Assumptions are a journalist’s Achilles Heel


In reporting terrorist incidents like Friday’s massacre and bombing in Norway, we journalists violate a cardinal rule of the profession: report the facts, never assume.

The facts as they became clear over many hours never bore out the assumption fueled by pundits and terrorism experts with a vested interest in keeping their industry alive in the wake of the killing of Osama Bin Laden and the marginalization of Al Qaeda that Islamists were responsible for the deaths in Oslo.
To be sure, the facts did not prove the opposite either. But instinctively it had to be jihadists, isn’t it?

No matter that reports of the arrest of a blonde, blue-eyed suspect emerged early on.

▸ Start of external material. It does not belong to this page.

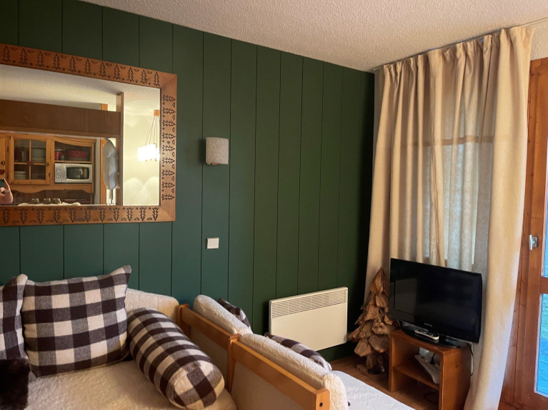 Dit 2-kamer appartement (28m²) is geschikt voor maximaal 4 tot 5 personen en bevindt zich op de begane grond van een residentie met lift. De woonkamer geeft uit op een halfoverdekt terras.

He had to be a convert to Islam.

To be sure, the modus operandi of the Norwegian attacks had certain characteristics similar to past Al Qaeda operations: professional, deadly, multiple locations, high profile targets.

It didn’t matter that attacking a youth camp does not fit Al Qaeda’s modus operandi and that random killings are part of what has marginalized the group -- something that has dawned on the group.

The assumption fed our prejudices and has now proven wrong.

Assumptions stop us from fully weighing all available facts and making judgments exclusively on what we know and not on what we don’t know and therefore assume.

In doing so, we become our worst enemy and fail to meet our obligation to report the facts as we know them and build our analysis on those facts and only those facts.

Failing to do so takes us away from fulfilling our role of serving the public interest and holding others accountable. It undermines our claim to independence and non-regulation as the fourth estate.

In short, it makes us a party with a vested interest, no better than the pundits and authorities pushing a specific line, using the media to further their interests and hoping that we buy into the spin.